Wednesday, February 21, 2024

Kakuturu J, Campbell S, Afridi F, Toker A. Redo Transsternal Tracheal Resection and Reconstruction: The Use of Uncommon Release Maneuvers. February 2024. doi:10.25373/ctsnet.25260259

The patient is a seventy-one-year-old male with a history of Hurthle cell carcinoma who initially underwent thyroidectomy and central neck dissection, follow by radioactive iodine. He developed recurrence after 10 years with tracheal invasion, which was treated by tracheal resection via partial sternotomy and mediastinal lymph node dissection. Four years later, he developed a right paratracheal mass positive for Hurthle cell carcinoma with extension into the trachea resulting in obstruction.

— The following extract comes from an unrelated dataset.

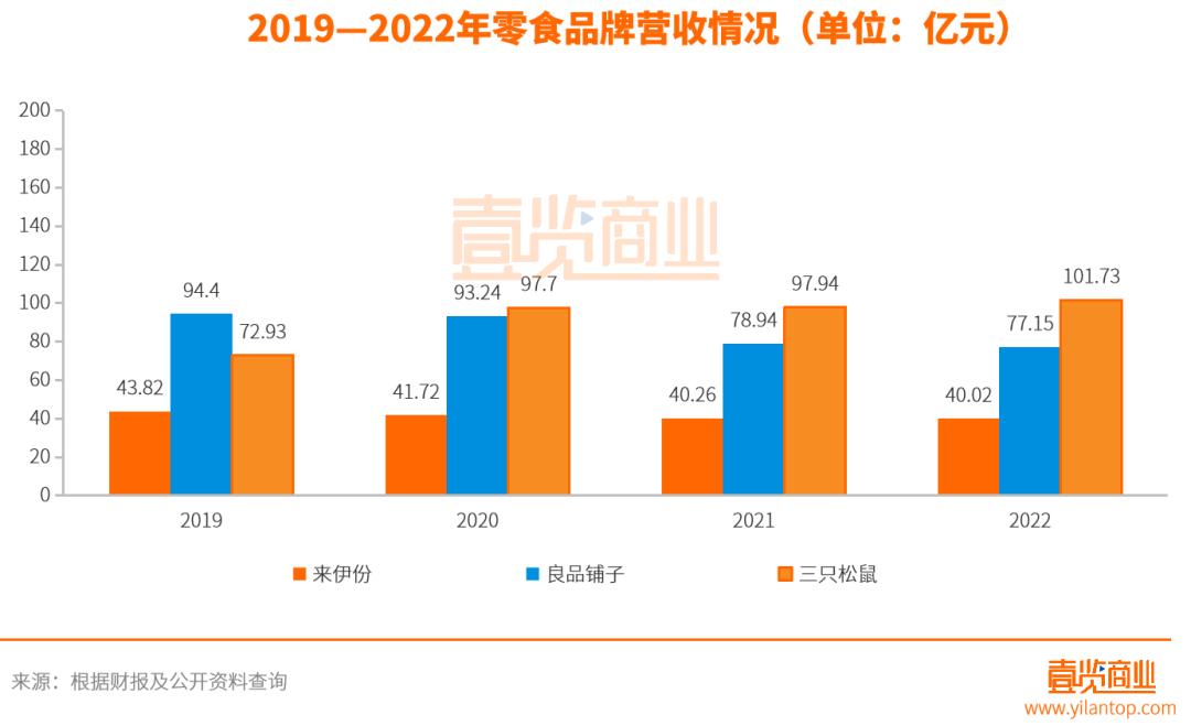 来伊份从2019年起陆续开展了综艺节目赞助、IP联名营销,鲜制零食品牌战略等各类活动。然而,这些努力总体上收益并不大,来伊份近四年的营收规模都没有发生大的变动。

In this video, the authors demonstrate their approach to redo transsternal tracheal resection and reconstruction with the use of several release maneuvers. These include suprahyoid release, intrapericardial mobilization of the visceral mass, and pericardiophrenic release. The paratracheal mass, along with a 4 cm segment of trachea, was resected. The margins were negative for involvement by the tumor and the anastomosis did not show any evidence of tension. The patient did well postoperatively and had no evidence of tracheal narrowing on the follow-up CT scan.

The authors concluded that redo transsternal tracheal resection and reconstruction may be performed safely. It is important to utilize release maneuvers such as suprahyoid release, intrapericardial mobilization, and pericardiophrenic release in order to facilitate a tension free anastomosis.